Let
- $(E,\mathcal E,\lambda)$ be a measure space and $$\lambda g:=\int g\:{\rm d}\mu$$ for all $\mu$-integrable $g$
- $f:E\to[0,\infty)^3$ be $\mathcal E$-measurable with $\lambda|f|^2<\infty$
- $J$ be a finite nonempty set
- $h_j:E\to[0,\infty)$ be $\mathcal E$-measurable for $j\in J$ with $$\beta:=\sup_{j\in J}\left\|h_j\right\|\infty<\infty$$
- $B:=\{f\ne0\}$ and $$B_j:=B\cap\{h_j>0\}\;\;\;\text{for }j\in J$$
- $r$ be a probability density on $(E,\mathcal E,\lambda)$ with $B\subseteq\{r>0\}$
Assume $\lambda(B_j)\in(0,\infty)$ for all $j\in J$. I'd like to bound $$\max_{j\in J}\underbrace{\int_{B_j}\lambda({\rm d}y)\frac{\displaystyle\left|h_j(y)f(y)-\frac{\lambda\left(h_jf\right)}{\lambda\left(B_j\right)}\right|^2}{r(y)}}_{=:\:\theta_j}\tag1$$ by $$\int_B\lambda({\rm d}y)\frac{\left|f(y)-\gamma\lambda f\right|^2}{r(y)}\tag2$$ for a suitably chosen constant $\gamma\ge0$ which should not depend on $\left(h_j\right)_{j\in J}$.
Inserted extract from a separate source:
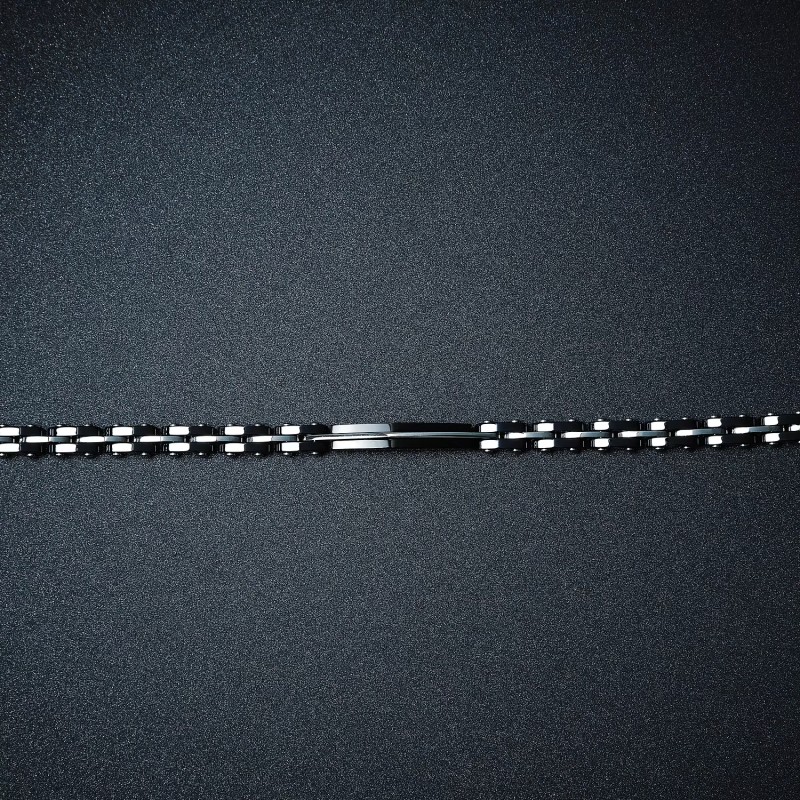 Bracciale Uomo in Acciaio 316L silver e ceramica nera con targa centrale

I've already asked a simplified version of this question which received a nice probabilistic answer. However, my attempt to mimic the proof failed. We may clearly use monotonicity of integration again to obtain $$\theta_j\le\int_B\frac{\left|h_jf\right|^2}r\:{\rm d}\lambda-\frac2{\lambda(B_j)}\left\langle\int_B\frac{h_jf}r\:{\rm d}\lambda,\lambda(h_jf)\right\rangle+\left|\frac{\lambda\left(h_jf\right)}{\lambda(B_j)}\right|^2\int_B\frac1r\:{\rm d}\lambda\tag3$$ for all $j\in J$. Now we would need to substract $(2)$ from the right-hand side of $(3)$ and show that the result is negative.
If it's easier to prove, feel free to assume $\beta\le1$ or even $h_j=1_{\{\:h_j\:>\:0\:\}}$ for all $j\in J$. Moreover, if necessary, assume $\lambda(B)\in(0,\infty)$ so that, for example, $\gamma={\lambda(B)}^{-1}$ is a candidate choice.